Following on the recent release of the NIE, Michael Young, an editor of the Lebanese newspaper the Daily Star, sheds light on the real game awaiting us with Iran. According to Young, the main issue is not the report’s accuracy, but rather Iran’s push for hegemony in the region and the reaction of the U.S. to that push. Iran’s rhetoric gives plenty of reason to believe that rationality is not the strongest feature of its rulers. On the other hand, Iran’s pursuit of nuclear power is very rational, given the country’s ambitions: a bomb (or the capacity to build it) would greatly enhance its power over the Gulf, the Caspian Basin, and the Levant. As Iran gained power, it would become an unignorable player in the complex game of Palestinian-Israeli peace.

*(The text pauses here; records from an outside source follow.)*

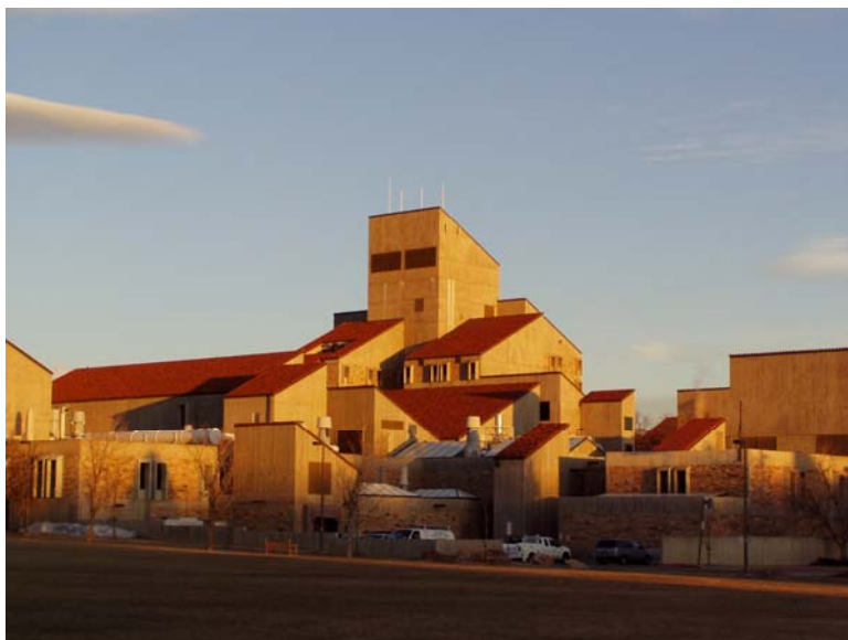
The Engineering Center at the University of Colorado at Boulder.

To address these challenges, environmental engineers often encounter challenging problems that must be solved in data-poor situations as members of multidisciplinary teams. Environmental problems require creative solutions blended with contributions from scientists, lawyers, business people, and the public. Good communication skills, as well as technical proficiency, are essential for success in this arena. In addition, technology designed to address environmental problems is marketed globally, opening up increasing opportunities for international work in the environmental engineering field.
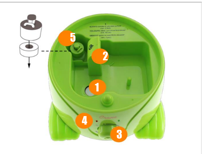
Fig. 2 (Bottom of Water Tank)
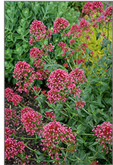
Red Valerian flowers

Red Valerian is recommended for the following landscape applications;
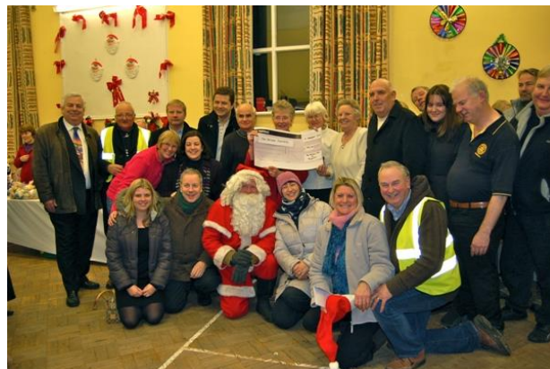
Picture taken at the Vernon Institute during the Christmas Lights Switch-On celebrations when we presented cheques to various organisations in the village.

We hope everyone admired the new sleigh which was built by school children from Ysgol Y Grango (Grange School) Wrexham, where one of our members is a teacher and supervised its construction. Not only did the pupils enjoy making the sleigh but it can now be used to raise funds for local causes and give so much pleasure to everyone who sees it.
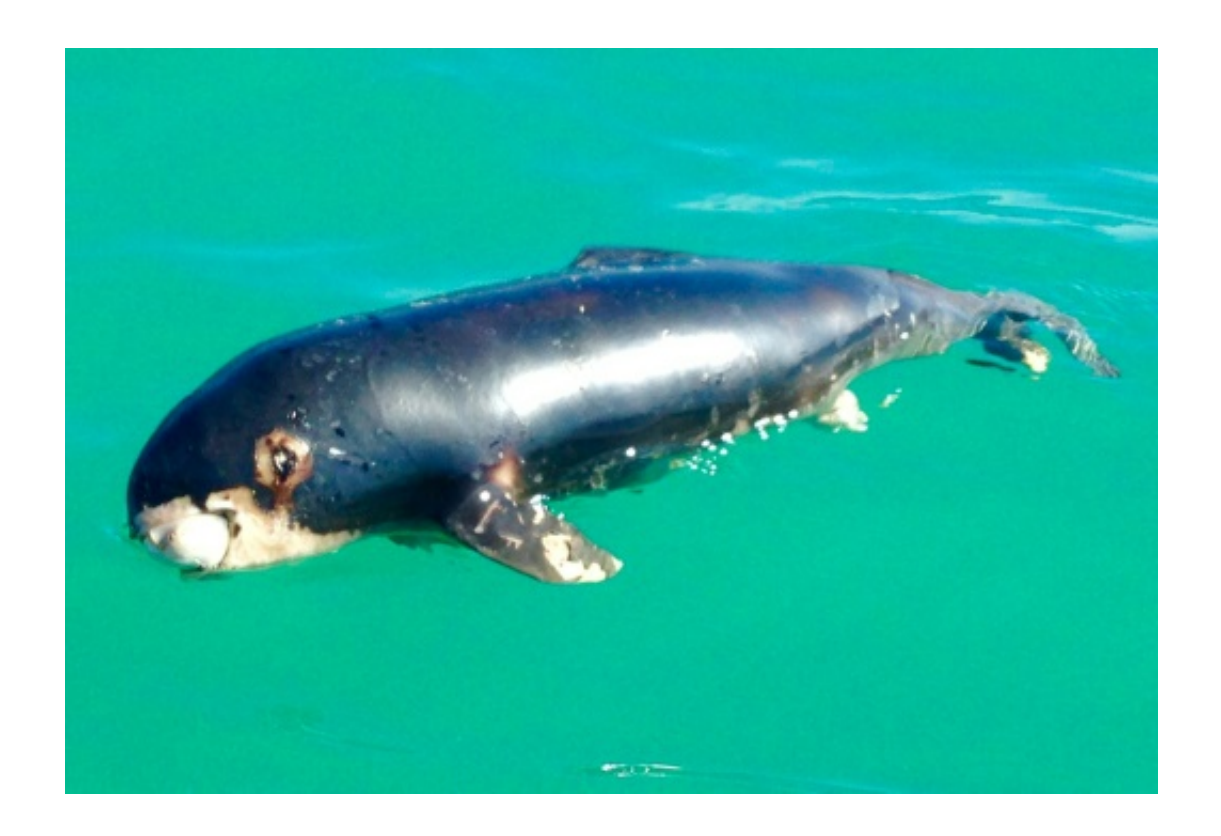
The World Wildlife Fund (WWF) has warned the vaquita risks going extinct in 2018

The World Wildlife Fund (WWF) praised the "landmark agreement."
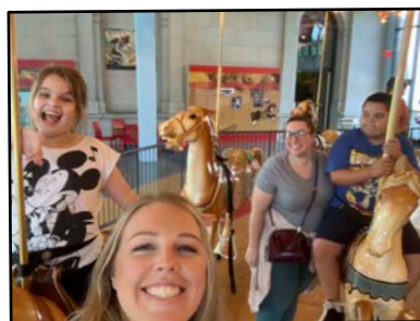
The Adventure Aquarium, left, and The Please Touch Museum, above, are always a big hit.
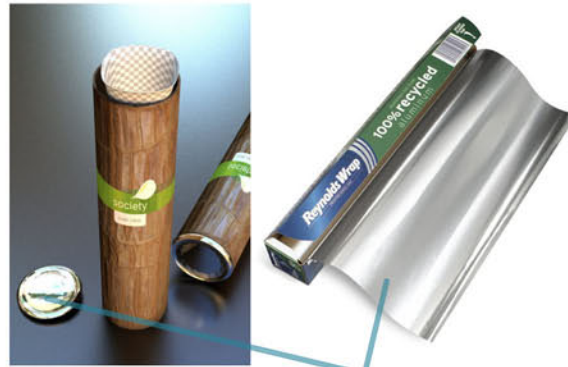
CONTENT UNDER LID
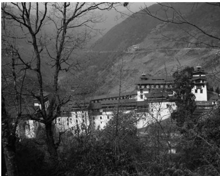
Traditional Dzong, a combination of a fort and monastery, representing the secular body and military force along with the religious protective authority on the outskirts high above a town.

The widely divergent, contemporary political situation of the Himalayan countries of Bhutan, Nepal, Sikkim, and Tibet reflects a culturally and historically produced set of outcomes not dissimilar to the European Alpine nations of Austria, Germany, Italy, and Switzerland. Ranging from continued independence and self-imposed semi-isolation (Switzerland is not a member of the European Union) to absorption in whole or in part by bigger neighbors, political leadership choices led to momentous twenty-first century consequences. Nepal
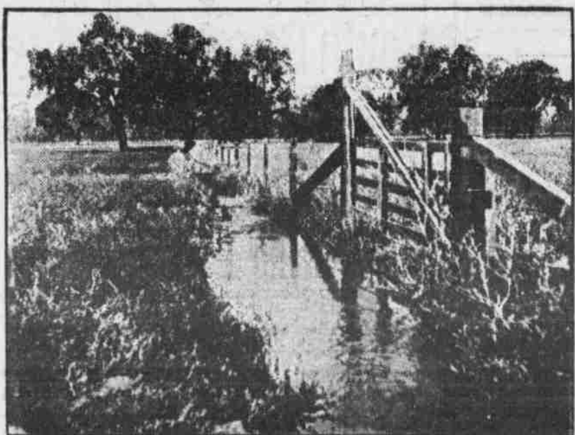
SCENE ON TEHAMA COUNTY LAND
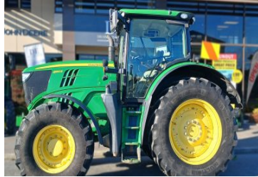
John Deere 6190R 208829 (B) 6190R, Tractor, 2014, 6327 hours, 194, 190hp, Used, 540/1000/1000E, Triple Link $105,000.00+GST
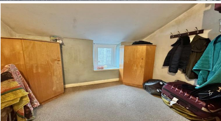
Our View "Very conveniently situated property which would make an ideal first buy or investment"

A two bedroom period property with a courtyard garden situated in the heart of Newton Abbot town centre.
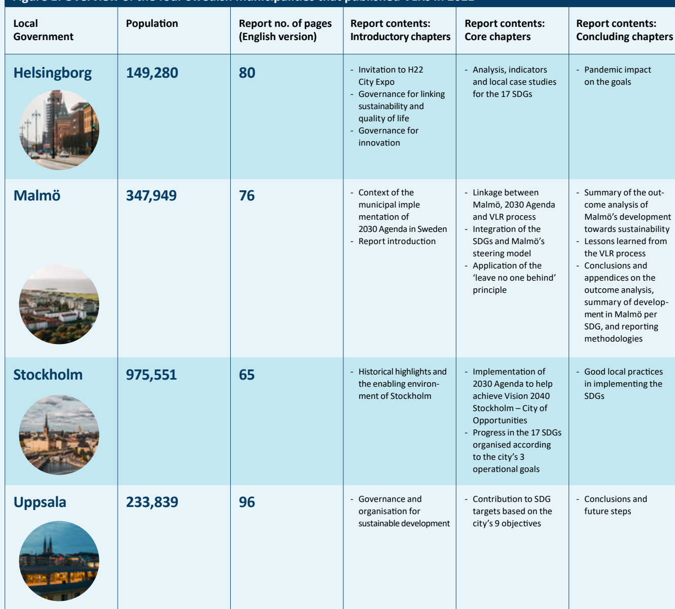
Figure 1. Overview of the four Swedish municipalities that published VLRs in 2021
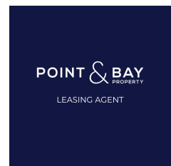
Leasing Agent 02 9357 1151
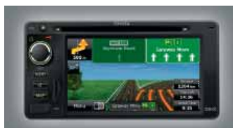
Audio Visual Unit with Satellite Navigation 4

IMPORTANT NOTICE: Some Toyota Genuine Accessories are not applicable to all models/grades. Please also consider the mass of your load to ensure you will not exceed the maximum allowable individual axle capacity, Gross Vehicle Mass and/or Gross Combined Mass of the vehicle, Refer to the Accessories brochure (available from your Toyota salesperson) or visit toyota.com.au/vehiclepayload for details on warranty and which Accessories are suitable for your vehicle. Pictured accessories are sold separately. Accessory colours shown may vary from actual colour due to the printing process.
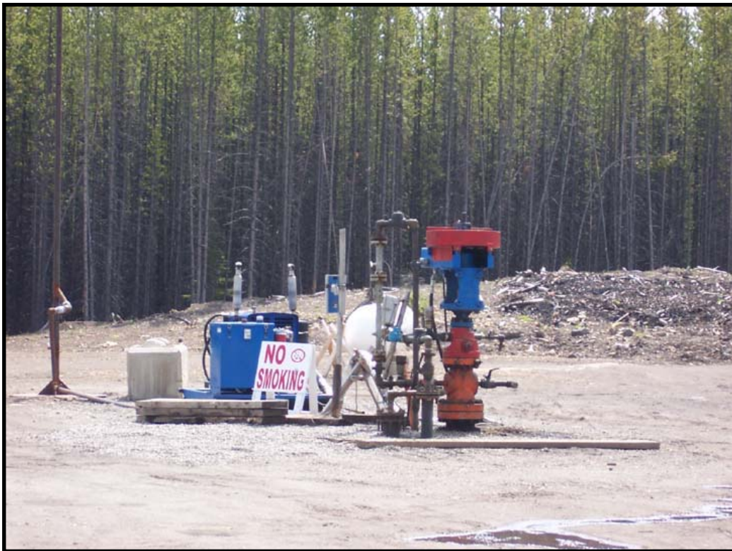
Photo 24. Encana/StormCat exploratory CBM well site.
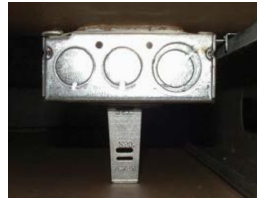
All models containing an "M" or "H" after the 3 digit number feature RACO's Universal Box Support. This excludes part numbers ending with "HF"
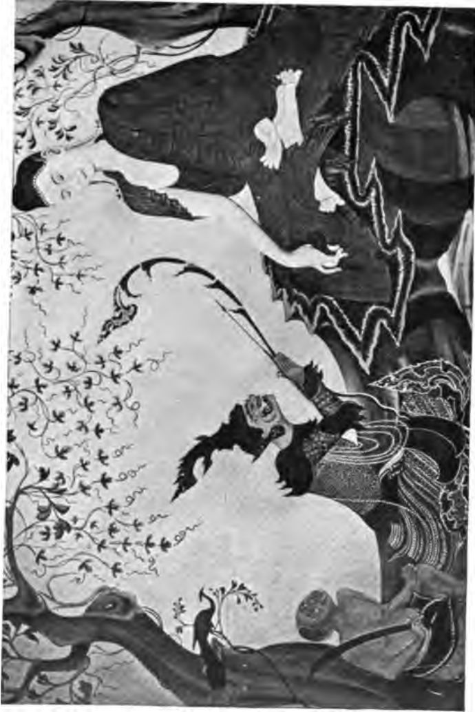
BURMESE FRESCO REPRESENTING THE BUDDHA WORSHIPED BY A FOREST SATYR AND HIS ATTENDANT.

The intelligence community has now concluded that the Iranians are no longer building a bomb. But is Iran, then, harmless? Of course not. The NIE shows that the Iranians were building a bomb in the first place, something that no official document asserted conclusively until now (the IAEA never went so far, saying only that it could not confirm the Iranians were NOT building a bomb). Given that the NIE says the Iranians halted the weaponization part of their program under pressure (while they kept working on the two more difficult elements of the program, enrichment and ballistic missiles), why should that pressure be let off now?

Even if one assumes the NIE to be accurate, the basic questions about Iran do not change. Can the U.S. afford to let the Iranians become the dominant regional power and have a say over all the crises the West wishes to solve in the Middle East? Can the U.S. afford an outcome in Lebanon solely dictated by Tehran? How Does Iran’s desire to be a player in the “peace process” square with that process’s nominal goal? And what about Iran’s support of insurgents in Southern Iraq ? And Iran’s bullying of other Gulf states? Young says that

Iran would gladly draw the U.S. into a lengthy discussion of everything and nothing, and use this empty gabfest as a smokescreen to advance its agenda. But diplomacy is not an end in itself; to be meaningful it has to achieve specific aims and be based on confidence that both sides seek a mutually advantageous deal. Nothing suggests the Iranians have reached that stage yet.

Focus on the bomb has led some to ask the wrong questions about Iran. Iran’s current agenda is a threat to Western interests—the bomb is just a tool to advance that agenda more effectively. Instead of accommodating Iran in exchange for a temporary reprieve in its pursuit of nuclear power, American foreign policy should focus on containing Iran’s push for hegemony.